Her brother, Alexei Samoilov, said that the cause was complications of heart and lung ailments.
Ms. Samoilova, whose doe-eyed, dark-haired screen presence drew comparisons to that of Audrey Hepburn, reached her acting pinnacle in the role of a young woman who loses her fiancé in World War II in Mikhail Kalatozov’s 1957 film “The Cranes Are Flying.” In 1958 it won the Palme d’Or at the Cannes Film Festival, and it remains the only Soviet or Russian film to have done so.
Soviet officials allowed Ms. Samoilova to attend the festival, where she received a special prize, but they did not let her work in the West.
In her later years, Ms. Samoilova spoke often of how bureaucrats had determined her fate. In a recent interview, published posthumously in 7 Days, a popular Russian television guide, she recalled the grand future envisioned for her by Pablo Picasso, whom she met during the Parisian leg of her Cannes trip.

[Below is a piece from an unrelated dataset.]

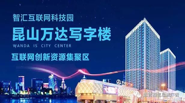 主视觉:整体使用左右结构,视觉上清晰易分辨,蓝色背景给人高端商务的感觉,配合真实图片高质清晰,带入感强,有效提升用户好感度。 洞察力:“昆山万达写字楼”明确产品卖点,利用产品品牌知名度吸引用户关注;“互联网创新资源集聚区”表明品牌优势,吸引用户。

“I remember,” she said, “this amazing person said to me: ‘Today you walk along the boulevard and no one knows you. But tomorrow you will be driving in a car through Hollywood.’ And his prediction almost came true! Already at the festival, Gérard Philipe gave me a watch as a gift and invited me to star in ‘Anna Karenina’ with him. Can you imagine how dazzled I was by the prospect? I thought: ‘Well, it’s begun!’ But my return to the U.S.S.R. brought me back down to earth.”
Studio officials said she could not appear in the film because she was still a student, and they warned her of Hollywood’s loose morals.
Ms. Samoilova went on to play Anna Karenina in a 1967 Soviet film adaptation of that Tolstoy novel, but first, instead of going to Hollywood, she was ordered to star in “Letter Never Sent,” also directed by Kalatozov, about four geologists whose search for diamonds in Siberia takes a tragic turn after they are caught in a forest fire.
Tatiana Yevgenyevna Samoilova was born in Leningrad on May 4, 1934. Her father, Yevgeny Samoilov, was a well-known stage and film actor. As a child, she moved to Moscow with her family and studied ballet there before focusing on acting.
For Ms. Samoilova, roles dried up in the 1980s. After 1991, she occasionally appeared in films and on television, including in a mini-series about Stalin’s Russia based on Vassily Aksyonov’s family saga “Generations of Winter.”
Ms. Samoilova was married four times. Besides her brother, she is survived by a son from her third marriage, Dmitri Samoilov, who lives in the United States, and a granddaughter.
 At her funeral on Wednesday, fellow actors, directors and other artists spoke of her artistic gift. But several also spoke of the difficult lives of elderly actors in Russia, including Ms. Samoilova, whose financial status did not reflect the acclaim and revenues they had earned for the Soviet state.
“It is shameful to speak of this at her coffin, but she didn’t have money,” said Iosif Kobzon, a singer who is a member of the Russian Parliament. “It’s shameful how cultural figures are treated.”